— The data —
=======
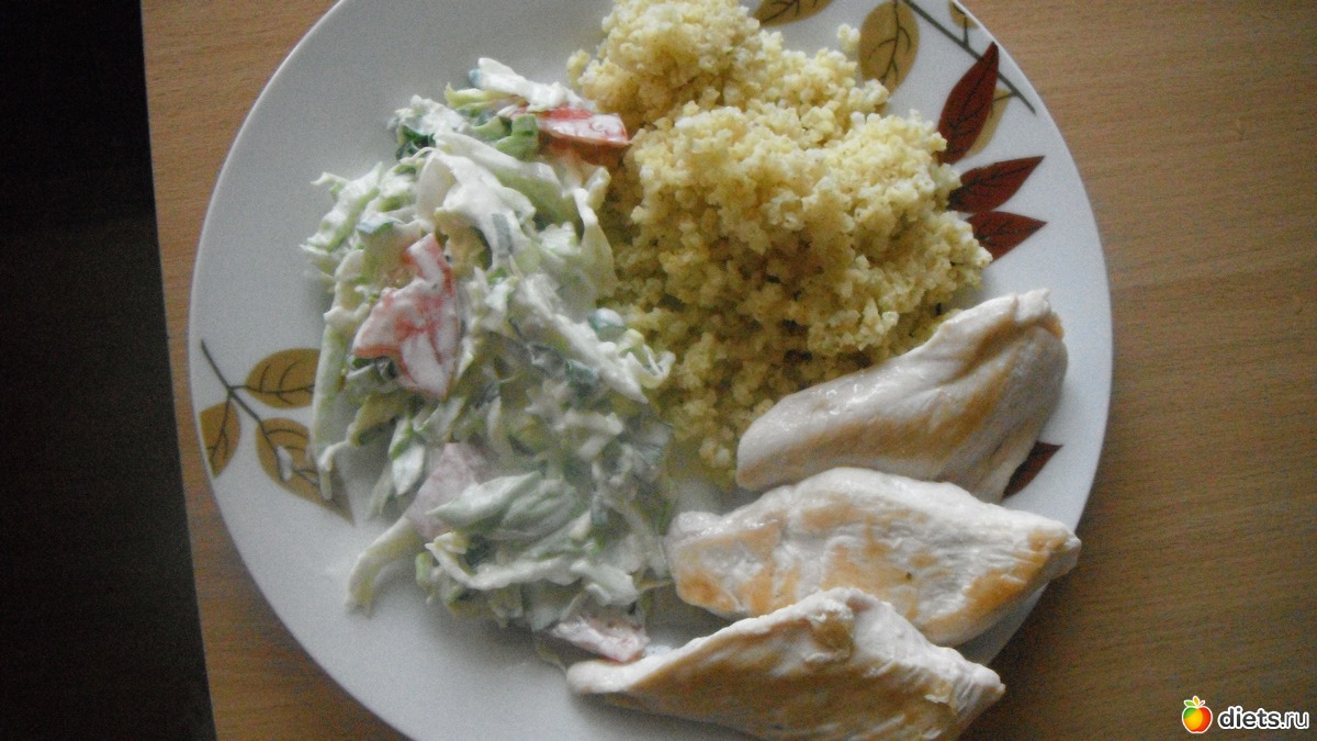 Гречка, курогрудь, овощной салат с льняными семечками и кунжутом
=======
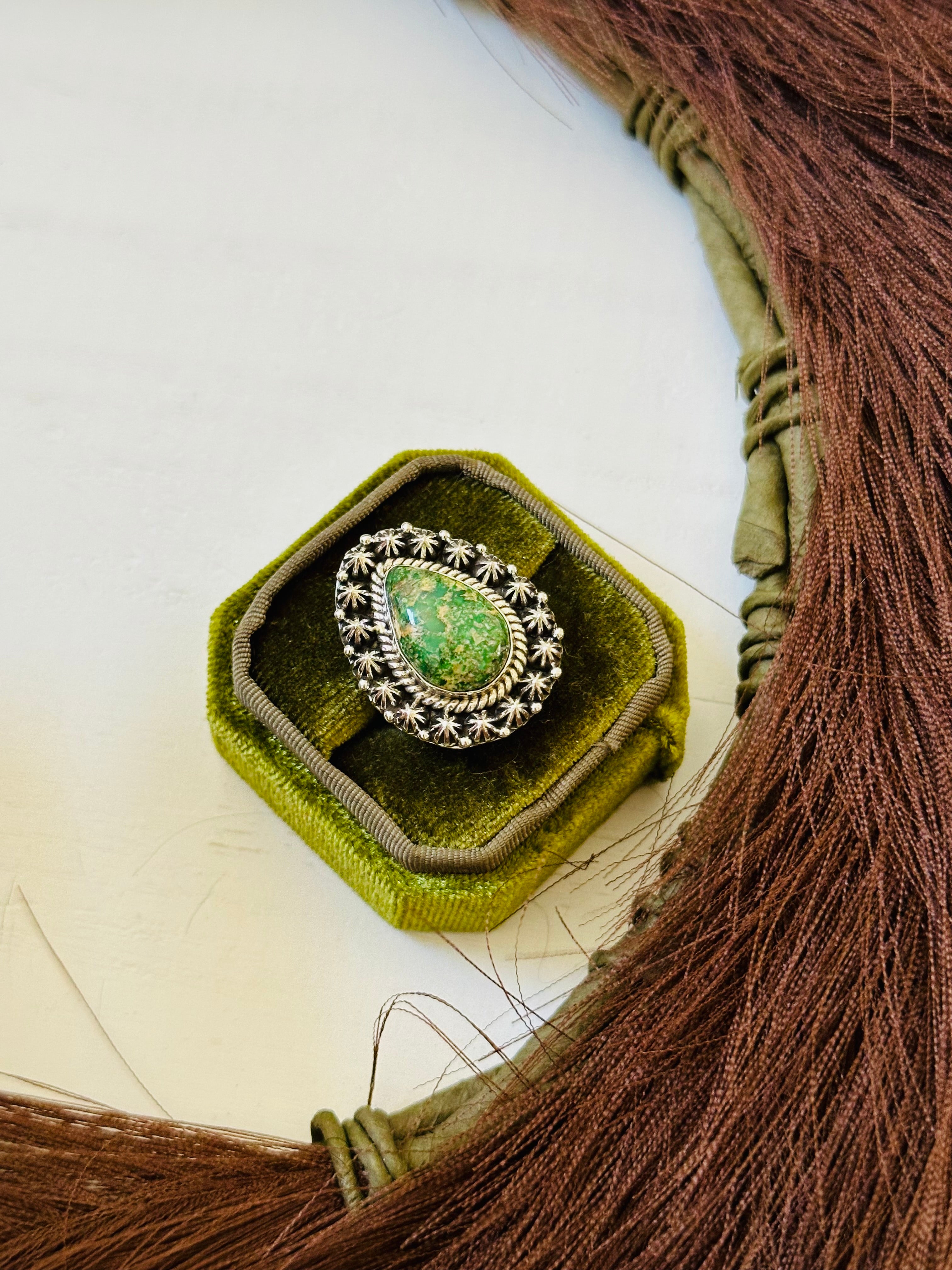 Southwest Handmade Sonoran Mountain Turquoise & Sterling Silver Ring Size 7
=======
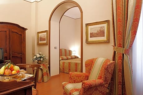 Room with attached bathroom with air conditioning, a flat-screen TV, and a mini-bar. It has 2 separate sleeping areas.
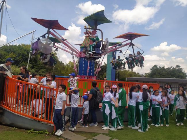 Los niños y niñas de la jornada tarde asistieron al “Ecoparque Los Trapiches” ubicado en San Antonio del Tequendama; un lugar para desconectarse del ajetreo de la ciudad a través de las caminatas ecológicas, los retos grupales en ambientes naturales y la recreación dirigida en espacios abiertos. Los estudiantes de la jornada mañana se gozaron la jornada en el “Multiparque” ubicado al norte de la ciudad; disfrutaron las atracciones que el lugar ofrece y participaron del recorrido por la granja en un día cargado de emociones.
=======
— Task item —
Leave the pictures out. Output, exactly, the lines of the material above starting at the line containing "Room with attached" and ending at the line containing "Los niños y".

— Answer to this problem —
 Room with attached bathroom with air conditioning, a flat-screen TV, and a mini-bar. It has 2 separate sleeping areas.
 Los niños y niñas de la jornada tarde asistieron al “Ecoparque Los Trapiches” ubicado en San Antonio del Tequendama; un lugar para desconectarse del ajetreo de la ciudad a través de las caminatas ecológicas, los retos grupales en ambientes naturales y la recreación dirigida en espacios abiertos. Los estudiantes de la jornada mañana se gozaron la jornada en el “Multiparque” ubicado al norte de la ciudad; disfrutaron las atracciones que el lugar ofrece y participaron del recorrido por la granja en un día cargado de emociones.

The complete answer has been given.